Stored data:
==*==

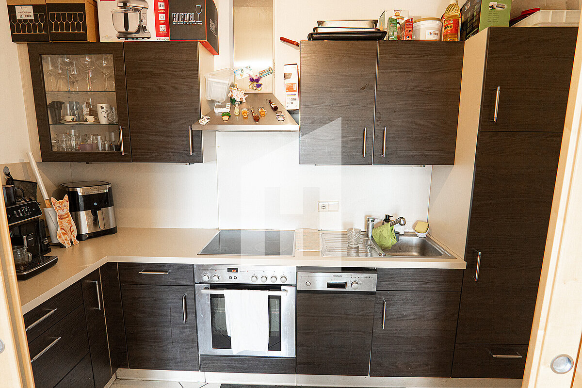 Helle Wohnküche mit Zugang zum Balkon
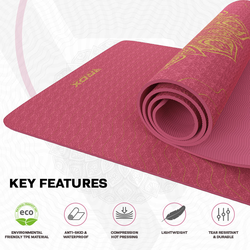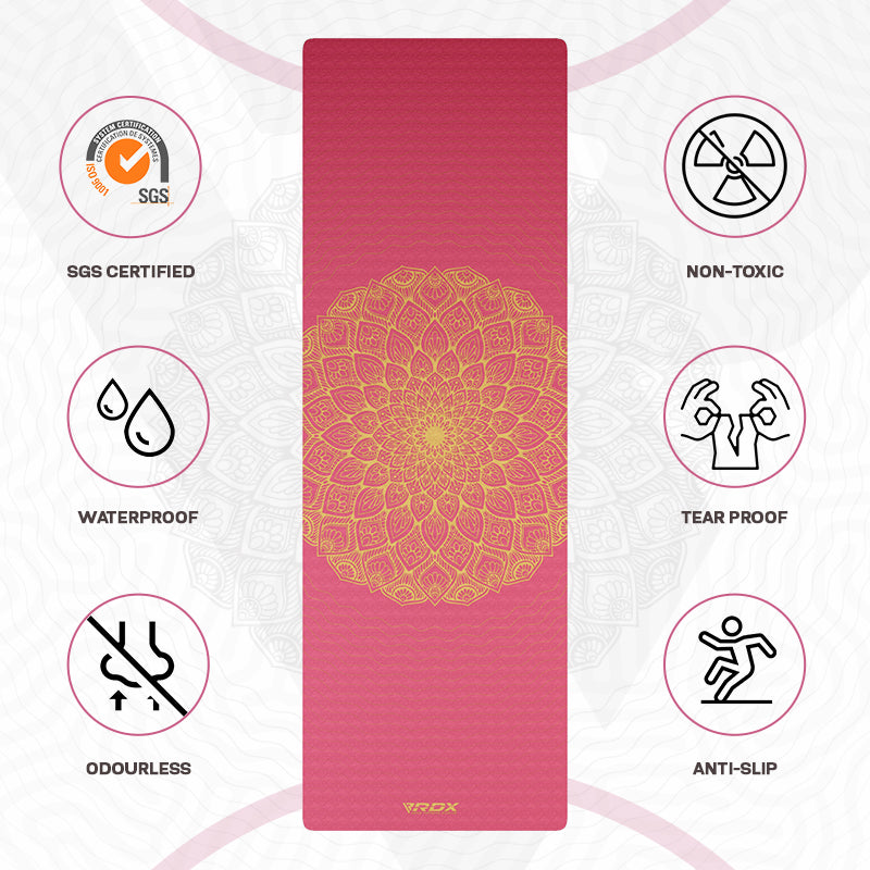 RDX's TPE Yoga Mats are SGS certified and free of toxins. Our extremely soft, non-slip texture, biodegradable TPE yoga mats offer comfort and security at an affordable, budget price. High density, fine-textured foam top surface of 6mm thickness provides higher rebound resilience to these mats to protect joints and facilitate all types of workouts yoga, Pilates, physio or toning exercises. Embark on your yogic journey with gratitude and fulfilment by aligning your energy to discover perfect balance of mind, soul and body.
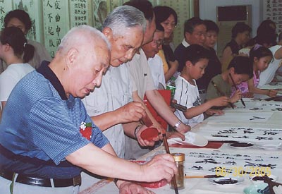 开幕式后,老干部书画协会和青少年获奖作者的代表在市美术馆举行了联合笔会。图为老干部书画协会会长李海山(左1)、会员史济康(左2)正与中小学生代表一起创作。 |
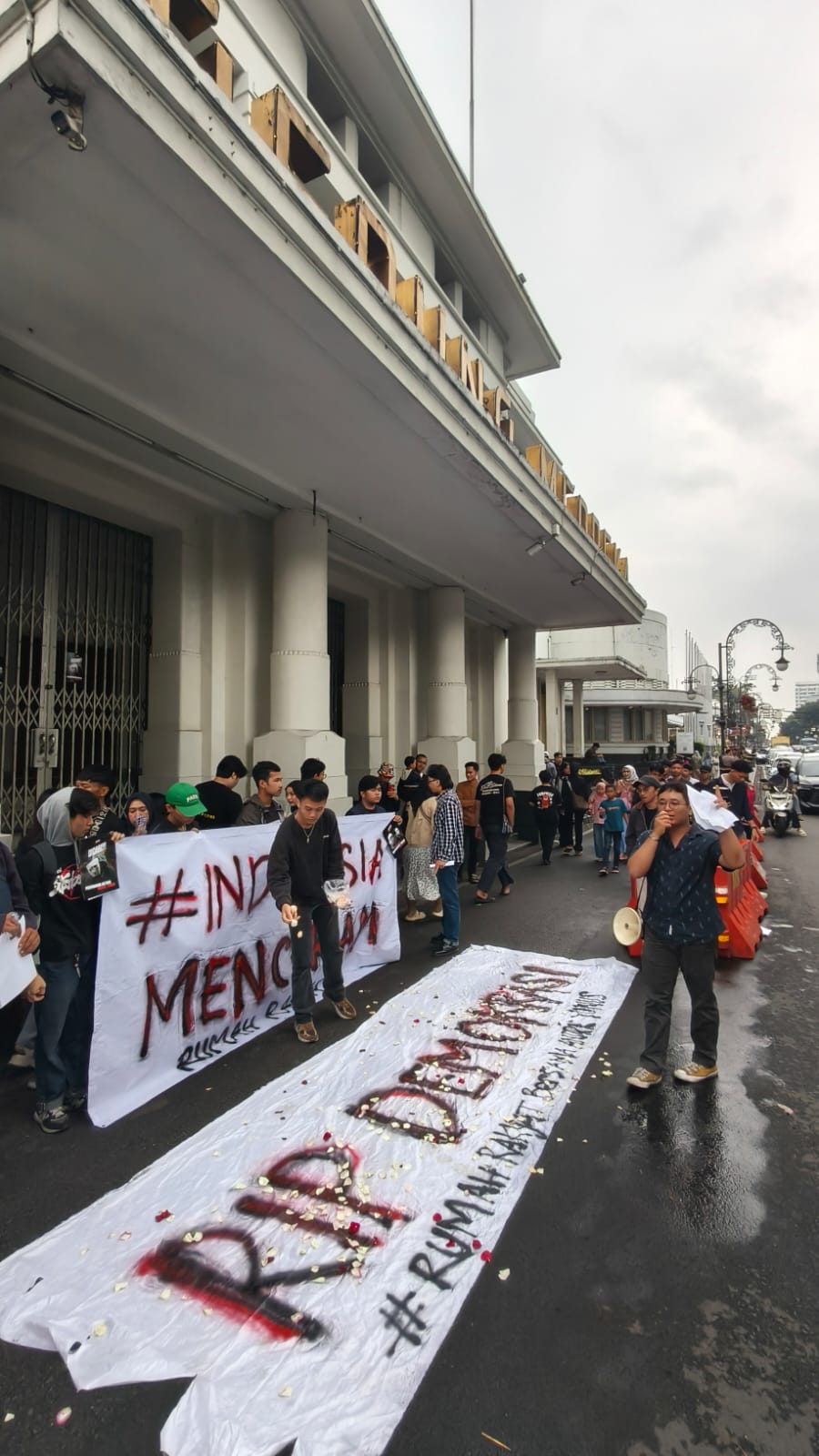 Sebagai bentuk respon, Rumah Rakyat menggelar aksi demonstrasi di depan Gedung Merdeka, Kota Bandung, dengan mengusung tagline “Indonesia Mencekam”.
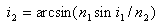 i1表示入射角,i2表示折射角,i2折射角可以通过以下折射定律得到;
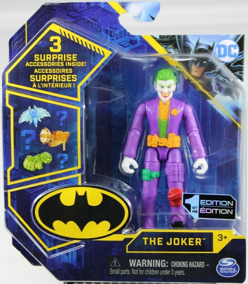 SPIN MASTER DC 1ST EDITION 4" THE JOKER ACTION FIGURE W 3 SURPRISE ACCESSORIES BRAND NEW SEALED DC COMICS SUPER VILLAIN THE JOKER ACTION FIGURE 1ST EDITION COLLECTIBLE FROM SPIN MASTERS SEALED NEW, COMES WITH THREE SURPRISE ACCESSORIES✨✨✨ 4 INCHES TALL AWESOME PAINT AND SCULPTURE FOR THIS SERIES PACKAGE IS IN GREAT SHAPE STAND NOT INCLUDED WOULD MAKE AN AWESOME GIFT ADD TO YOUR BATMAN COLLECTION Will ship to you with great care. Will ship to the United States and Protectorates via USPS International shipments will ship via Ebay's Global Shipping Program (GSP) International packages will ship within one business day to eBay's GSP. eBay's GSP will then ship the package internationally. Handling and Shipping times may vary with GSP. Brought to you by The VinKris Collection

==*==

Reproduce the data above exactly, but only from the line containing "Sebagai bentuk respon, Rumah" through the line containing "i1表示入射角,i2表示折射角,i2折射角可以通过以下折射定律得到;"; skip the pictures.

 Sebagai bentuk respon, Rumah Rakyat menggelar aksi demonstrasi di depan Gedung Merdeka, Kota Bandung, dengan mengusung tagline “Indonesia Mencekam”.
 i1表示入射角,i2表示折射角,i2折射角可以通过以下折射定律得到;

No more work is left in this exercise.